I run my SD70's on 8 foot *diameter* track with no problem.


----------



## Trains (Jan 2, 2008)

I know the Aristo SD-45 will run on 4 foot radius. I think a lot of people get radius, and diameter mixed up.


----------



## jr747 (Feb 7, 2008)

I hate when I mix up radius and diameter. I meant diameter. 

J.R.


----------



## jr747 (Feb 7, 2008)

Bruce,

With the coupler box on the SD 70, are you using Kadee couplers?


J.R.


----------



## aceinspp (Jan 2, 2008)

I run both the SD40s and SD70 on 8 and 10 curves biggest problems I was wiping out my switch stands till I added longer headblock ties and throw bars.  Later RJD


----------



## Art (Jan 3, 2008)

I run the PA, SD40, and SD70 on 8' diameter curves with no problem.
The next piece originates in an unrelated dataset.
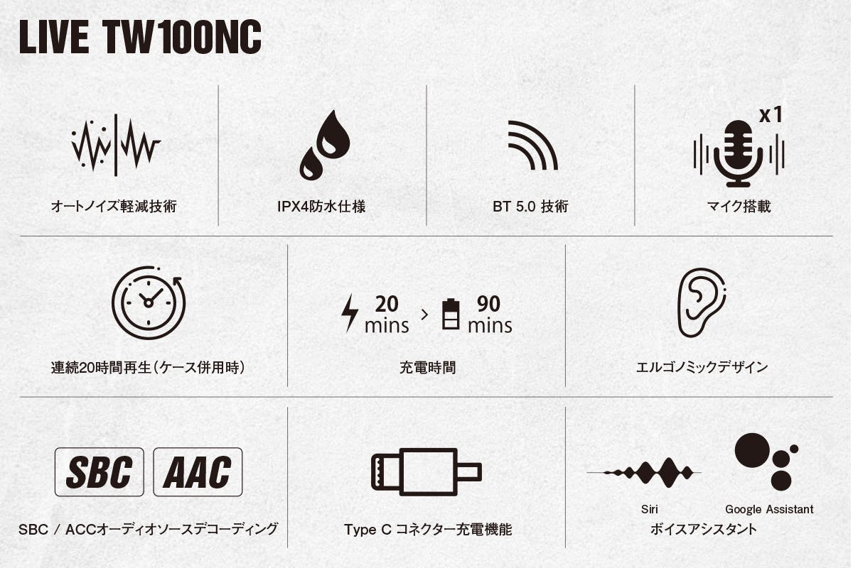 1)アクティブノイズキャンセリングワイヤレスイヤホン LIVE TW100NC

I could coax them around a tighter curve but I won't as I believe it puts a strain on the motor blocks. 

Art


----------



## bruce a m (Jan 2, 2008)

Hi I use theUSA Trains optional coupler box assembly and I put a Aristo-Craft coupler in it. I use Aristo-Craft couplers on all of my locos and cars. Later Bruce


----------